Reinforcement Learning (Machine Learning)

Introduction

Reinforcement Learning is a type of unsupervised learning algorithm that focuses on optimizing the path to a desired outcome by maximizing the reward and minimizing the penalty. Or according to Wikipedia:

Reinforcement learning (RL) is an area of machine learning concerned with how intelligent agents ought to take actions in an environment in order to maximize the notion of cumulative reward.

What Defines Reinforcement Learning?

There are a number of factors that define a reinforcement learning model:

The input is the initial state of the model.
The output has a vast number of possibilities.
The model is trained by making a decision and is then rewarded or penalized until a prescribed outcome is reached.
The optimal outcome is derived from the outcome with the highest reward.
The model can continue to learn.
Decisions are dependent, so sequences of dependent decisions are labeled.

There are also a number of practical, real-world applications of reinforcement learning that are worth noting:

Autonomous Machines and robotics
Machine Learning and Data Processing
Generating Custom Instructions
Any environment in which information is collected by making interactions

Q-Learning

Introduction to Q-Learning

Q-Learning is a reinforcement learning technique that uses a reward matrix or Q-matrix to demonstrate states, actions, and rewards. The Q-matrix varies in each different implementation, as it consists of a row for each possible state and a corresponding column for each possible action at the state.

To generate the Q-matrix, Python's NumPy library is used as shown below. You will initialize the matrix with zeroes to begin so that you can update each action with a corresponding reward later. Use the following code to set the state_size and action_size to the desired row and column amounts, respectively.

import numpy as np
Q_Matrix = np.zeros((state_size, action_size))
print(Q_Matrix)

There are two ways to contribute to the Q-matrix. The first method is referred to as exploring: the algorithm chooses a random state and a random action, then calculates the total cost to reach the reward from there. Exploring is important because it allows the algorithm to find and calculate new states.

The second method is referred to as exploiting: where the algorithm references the Q-matrix for all possible actions.
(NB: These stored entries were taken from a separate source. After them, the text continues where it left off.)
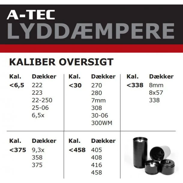 Hertz 119 fra norske A-TEC sætter nye standarder for lyddæmpere med en ny og forbedret teknologi. Hertz 119 har et meget kompakt design for bedre ydelse. Hertz 119 har en støjreduktion på 29 dB på en .308 og reducerer effektivt rekylen. Dette er en af de bedste lyddæmpere på markedet. Denne model passer til følgende kalibre: .270, .280, 7mm, .308, 30-06 og 300WM. Kontakt os for vejledning til valg af lyddæmper.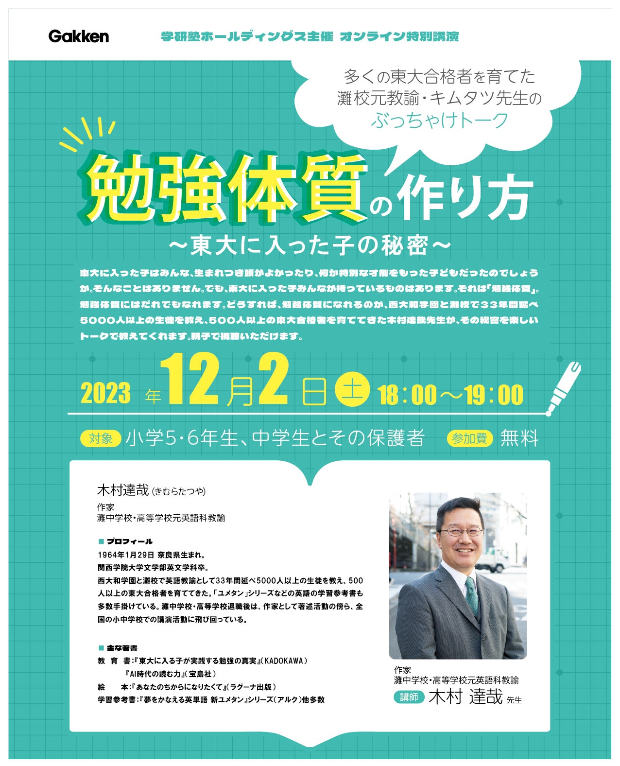 東大に入った子はみんな、生まれつき頭がよかったり、何か特別な才能をもった子どもだったのでしょうか。そんなことはありません。でも、東大に入った子みんなが持っているものはあります。それは「勉強体質」。勉強体質にはだれでもなれます。どうすれば、勉強体質になれるのか、西大和学園と灘校で33年間延べ5000人以上の生徒を教え、500人以上の東大合格者を育ててきた木村達哉先生が、その秘密を楽しいトークで教えてくれます。親子で視聴いただけます。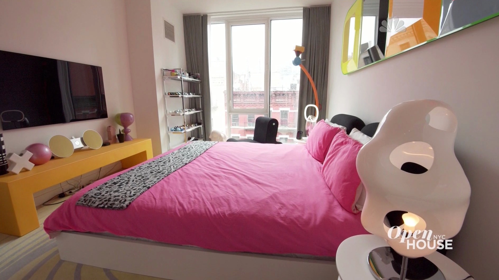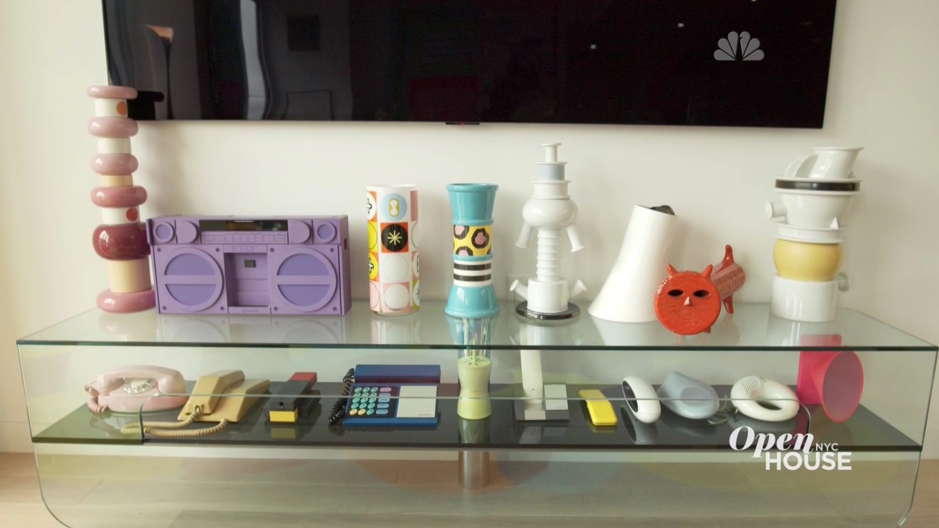 Designer Karim Rashid's apartment was on TV 3/21/2021 "Open House NYC": Beoplay A8 in the bedroom and Beocom phones in the collection in the living room. Alas you can see he also has an iHome iP4, and (not shown here) a Harman-Kardon Go+Play portable speaker.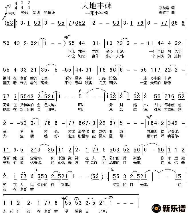 演唱的大地丰碑—邓小平颂歌词,大地丰碑—邓小平颂简谱.

The action with the maximum value will then be chosen as the desired action from that given state. Balancing exploring and exploiting is important and can be controlled by what's commonly referred to as the exploration rate or $ϵ$ .

A table update will be performed for each step and will end when an episode is complete. An episode can be thought of as an endpoint being reached, given a random starting point. The whole table will not be complete with just a single episode, but with enough episodes and exploration, the algorithm will find all optimal Q-values. Q-values are the values that are stored, updated and referenced in the Q-matrix.
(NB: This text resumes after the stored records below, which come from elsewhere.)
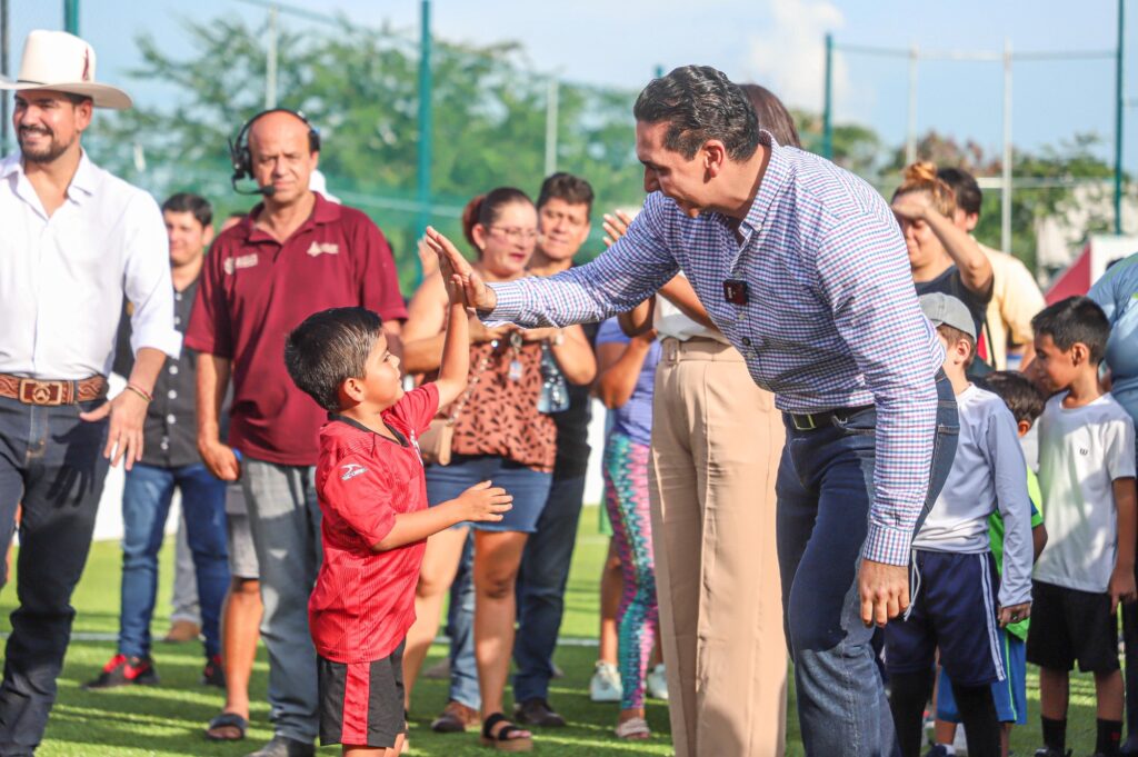En un ambiente lleno de entusiasmo, el presidente municipal Héctor Santana García entregó oficialmente una nueva cancha de fútbol rápido en el poblado de Altavela, un espacio moderno, seguro y pensado especialmente para que niñas, niños y jóvenes tengan un lugar digno donde jugar, convivir y soñar en grande.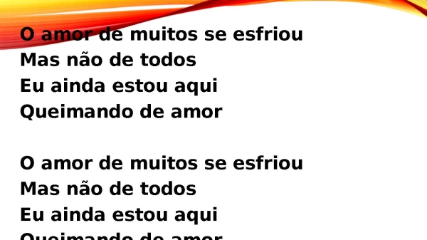 - O amor de muitos se esfriouMas não de todosEu ainda estou aquiQueimando de amorO amor de muitos se esfriouMas não de todosEu ainda estou aquiQueimando de amor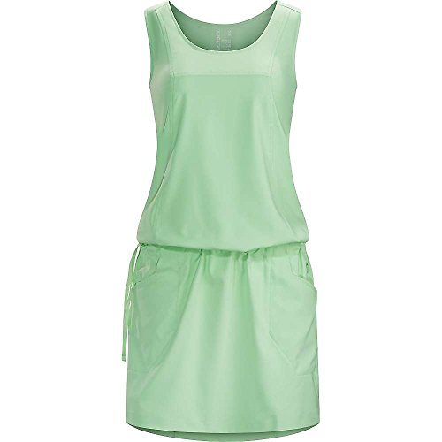 FEATURES of the Arcteryx Women's Contenta Dress Non-wrinkle polyester textile with mechanical stretch is quick drying and provides sun protection (UPF 50) Elastic drawcord at hip, dropped waistline Shaped hand pockets, zippered security pocket Gel BIRD logoFeature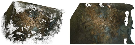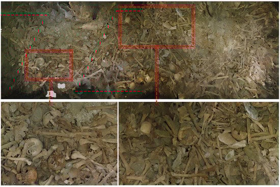 The reconstruction of the human bones is observable in Figure 16. In this second burial vault, the larger and smaller dimensions of the breach did not allow a uniform survey of the area, leading to some holes in the final reconstruction. In addition, the larger empty volume led to some poor lighting in the corners.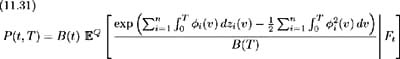 The bond price in (11.27) is not an explicit function of the market prices of risk, these enter only via the short-term interest rate process r ( t ). Hence the formulae for the bond and relative bond prices (11.27) and (11.28) remain unchanged once the market prices of risk have been eliminated, except that the Brownian motion no longer depends on the specific n bond maturities chosen, that is

Calculating the Q-Learning Algorithm

The steps to perform a Q-Learning algorithm are as follows:

The Q-Learning algorithm starts at some state $S_{1}$ , then takes some action $A_{1}$ to receive a reward $R_{1}$ .
The algorithm chooses an action to take by referencing the Q-matrix and choosing the most rewarding action, or the algorithm chooses an action randomly to fill in more of the Q-matrix. This is decided by the exploration rate $ϵ$ .
After the action is performed and the reward is calculated, the Q-matrix is updated with a formula.

The formula for the Q-learning algorithm is as follows:

$Q [s t a t e, a c t i o n] = Q [s t a t e, a c t i o n] + η \cdot (r e w a r d + γ \cdot M a x (Q [n e w S t a t e, :]) - Q [s t a t e, a c t i o n])$

The above equation has some variables that need to be defined:

$η$
- The $η$ variable is the learning rate of the model.
- This variable dictates the extent to which the newly calculated value is accepted.
- In the Q-learning formula above, you are computing the difference between the new and old values, multiplying it by the learning rate, and then adding the difference to your Q-matrix.
  - This essentially moves you in the direction of the latest action.
$γ$
- Gamma ( $γ$ ) is the discount factor.
- It's used to balance current and future rewards.
- You can see this being applied to the calculated future reward, making it have more or less weight on your current state.
- This variable will generally be between 0.8 and 0.99.
Reward
- A reward is a value given to a certain state after performing an action.
- A reward can be added any time in any state and is dependent on the specific problem that is being solved.
$M a x ()$ function
- The $M a x ()$ function acts as a placeholder to allocate the values of future rewards to the current state.
- You can think of this as a recursive function, as this portion will be greed and choose the best path given all possible actions for that next state.

Bellman Equation

TODO: This needs to be explained better. Use this Wikipedia: Bellman Equation

Implementing Q-Learning

Overview of Algorithm to Create Q-Matrix

Choose a random state.
Find the list of possible actions for that state.
Choose an action at random (or use the matrix to find the best one???).
Update the Q matrix with the Bellman equation.

Example Problem

Pretend there's a robot that has to get out of a house from a specific room. Each room is labelled with a number and the outside "room" is labelled with 5. Below is an image of the rooms with their labels and the doors leading to each one.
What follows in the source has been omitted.